As indicated, after months of mandated homeworking, the initial novelty of the practice was for many managers ‘wearing off’. Indeed, some managers even reported ‘frustration creeping in’. One of the main frustrations cited was ‘social isolation’, with a manager from the management consultancy commenting ‘I do miss face-to-face contact with colleagues – it’s much harder to connect on new relationships virtually.’ An insurance company manager, who had recently moved to Wales from a division in southern England, described her problems of being single and homeworking in a city where she knew few people. Meanwhile a middle manager at the drinks conglomerate described being part of online teams including colleagues she had ‘not physically met’. Relatedly, managers suggested the fostering of productive co-worker relationships could be more difficult (van der Lippe & Lippényi, 2020). Further challenges to the new realities of homeworking were imposed by caring responsibilities, and notably by government regulations mandating home-schooling. Managers with older children often admitted ‘struggling to cope’ with home-schooling regimes. Indeed, some reported work–life balance under lockdown as ‘fraught’, especially in families with ‘two adults working’, which commonly involved ‘juggling childcare responsibilities’.
While this situation affected both genders, evidence suggested that it had greater impact on women managers and could be an enduring problem in performance terms. A female public sector manager (a single parent, whose former partner lived abroad) experienced her work–life situation as ‘horrendous’, explaining in our initial interview that ‘it was either my kids or the job and I chose my job’. However, in the months between our first and second discussions she had contracted Covid-19, which prompted a decision to reduce her work week to three days. This was despite awareness of the negative impact the decision might have on her career prospects. Successful, ambitious and hardworking, by the time of our second interview (early 2021) she suggested her view of working at home had changed completely: ‘it’s not unusual for me to start at 7 (a.m) and they are still on at me at 7 at night, I get calls at all hours, emails at 9 or 10 (p.m.). But I’ve had enough of these hours. I have two boys aged 8 and 9, and they need some attention.’
Indeed, during the second round of interviews the impression was of some managers finding working at home challenging. In terms of work–life balance, many managers found differences between work and non-work life increasingly unclear. Many highlighted that participating recurrently in lengthy online meetings (via Zoom, Teams etc.) was especially demanding – the latter reflecting a condition one utilities manager described as ‘Zoom and gloom’. A manager at the drinks conglomerate related similarly the ‘strain’ he was under from participating in ‘all day, back-to-back, Zoom meetings’, while at the telecommunications corporation it was suggested that the day of our online interview was ‘normal’ because it involved ‘nine half-hour virtual meetings’.

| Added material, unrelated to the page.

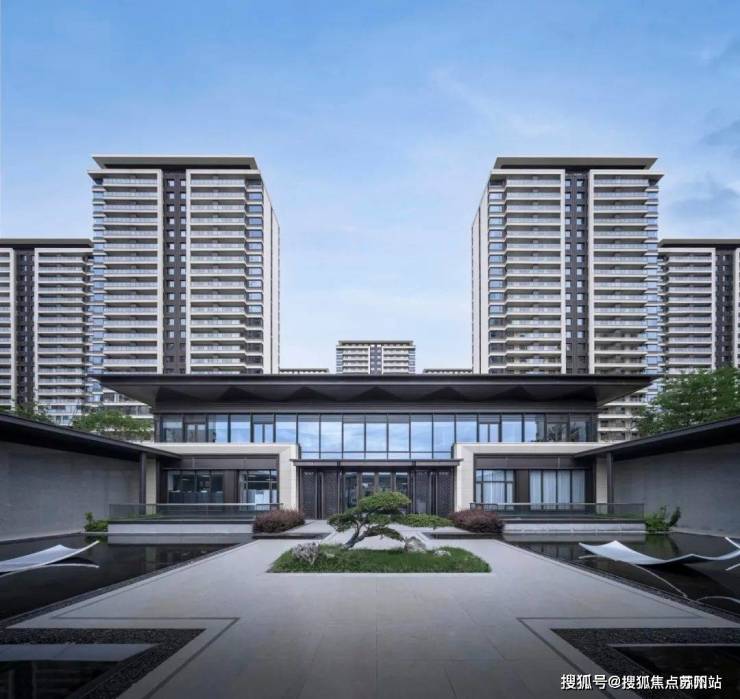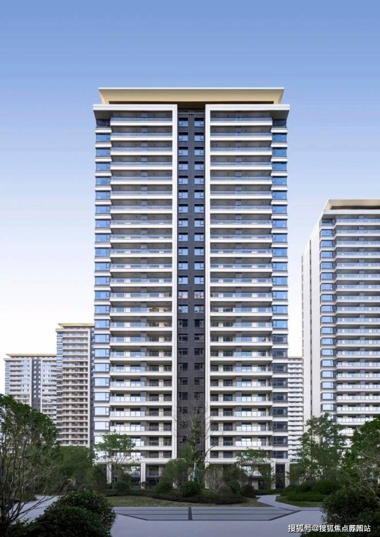 苏州相城#紫珺兰园营销中心热线:400-8123-664-为此,高层的立面设计采用三段式横向线条以彰显利落明朗的现代风格,屋面的造型飘板以独特的斜切面构筑了精致的城市天际线,同时在门头、基座、窗间墙等细节中融入了传统的中式设计元素,继而营造出细腻的现代中式立面风格。

In terms of changing work experience, many managers now reported concentration, stress, or even ‘mental health’ problems associated with prolonged screen-based work (Banks & Xu, 2020; Eurofound and the International Labour Office [ILO], 2017; Office for National Statistics, 2014). Some experienced difficulties in ‘switching off’ from work while at home, given they were often working longer hours, or in a more fragmented way, than pre-pandemic (Meakin, 2021; Osborne, 2021). Others reported having to move incessantly between states of deep concentration (e.g. when completing reports, preparing statements, or concluding accounts) to ones of distraction (e.g. due to recurrent emails, WhatsApp messages, and texts; Parry, 2021). Reflecting an emerging folklore of work, some managers predicably raised difficulties over their ‘office desk’ being replaced by the proverbial ‘kitchen table’. In one instance, however, this took on a more earnest tone, for the new ‘office’ for a managerial couple living in a small house, and with an elderly parent, was not the kitchen but their bedroom.

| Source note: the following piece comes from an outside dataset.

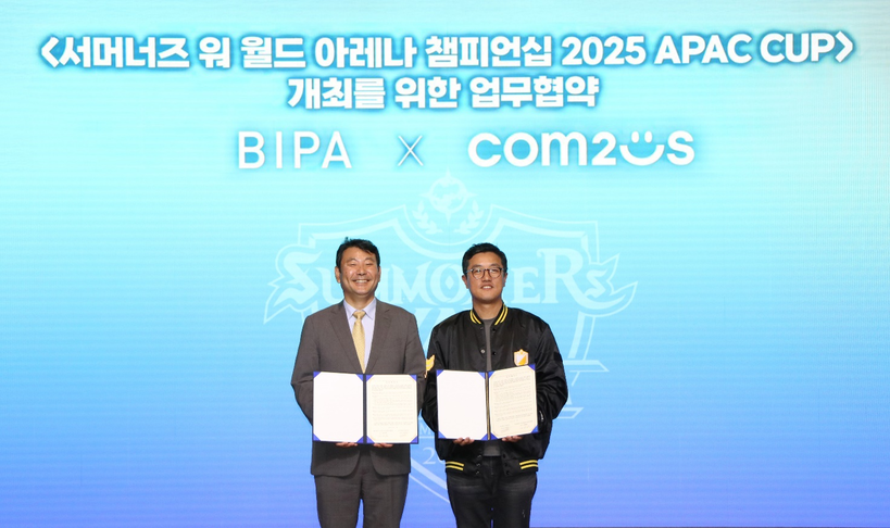 컴투스(대표 남재관)는 지난 17일 (재)부산정보산업진흥원(원장 김태열)과 ‘SWC2025’ 아시아퍼시픽 컵 개최와 관련한 업무 협약(MOU)을 체결했다고 밝혔다. 협약식은 부산이스포츠경기장에서 진행됐으며, 양 기관은 대회의 원활한 운영과 지역 e스포츠 생태계 조성을 위한 다양한 협력 방안을 논의했다.

Managers also suggested that virtual working at home could be subject to increased surveillance and control pressures. A recurring theme was of middle managers being required to ‘always appear online’, especially to senior managers and executives. This could extend to playing ‘psychological games’ on virtual systems, such as giving the appearance of being ‘continuously logged-on’ and ‘always active’, not only during contracted hours but also beyond the normal working day. A young manager at the management consultancy explained the incessant pressure she was under to ‘bill the hours’ to clients, and to demonstrate this through ‘constant evidence of being online’. She also admitted it took her quite a while to ‘learn how to cheat’ in this regard.
Overall, this inquiry suggested that the nature and experience of managerial work was changing in momentous ways. A regular issue raised was that while, pre-pandemic, homeworking was largely a supplement to office-based work, post-pandemic the reverse might be so, albeit with qualifications. This raised the issue of whether firms relinquishing direct bureaucratic control of employees during lockdown would continue with greater corporate acceptance of flexibility in working patterns going forward. A problem here was managers suggesting it might be hard psychologically for companies to ‘let go’ of employees in spatial and temporal terms. This potentially represented an exercise in corporations learning to ‘trust’ managers to work remotely, which could be problematic (Breuer, Hüffmeier, Hibben, & Hertel, 2020; Felstead & Henseke, 2017; Felstead, Jewson, Phizacklea, & Walters, 2002).
The future – whither managerial homeworking?
We have described how the coronavirus pandemic placed homeworking at the centre of academic and media discussions of white-collar work and employment relations. During this period, attention has focused on what the future for managerial work holds in this regard, or to what extent the managerial labour process will be reshaped under digital innovation and organizational restructuring. For organizational research, the pandemic will likely prove a pivotal moment in our understanding of work and employment, and notably in terms of defining the future form and content of a manager’s ‘normal working day’. At the heart of such considerations will be discussion of the various options that present themselves for managers to undertake work at home in the decades to come.
Possibilities for greater homeworking
While in 2019 relatively few UK employees conducted contractually their main work at home (Office for National Statistics, 2020a, 2020b), under Covid-19 that figure increased exponentially, as the ‘virtual’ home-office became the mandated norm. Discussions of work practices during the pandemic suggested that obliging managers and other white-collar employees to work at home served to keep employment levels buoyant (Irish Times, 2020; McKinsey & Co., 2022). Similarly, commentators asserted that managers working at home displayed considerable commitment, resilience and creativity in meeting challenges imposed by the pandemic (Economist, 2021). A much-cited survey by Deloitte (2020) argued that levels of corporate performance during Covid-19 were far better than predicted, citing data from (US) Chief Financial Officers that around 75% of corporations functioned at about four-fifths capacity.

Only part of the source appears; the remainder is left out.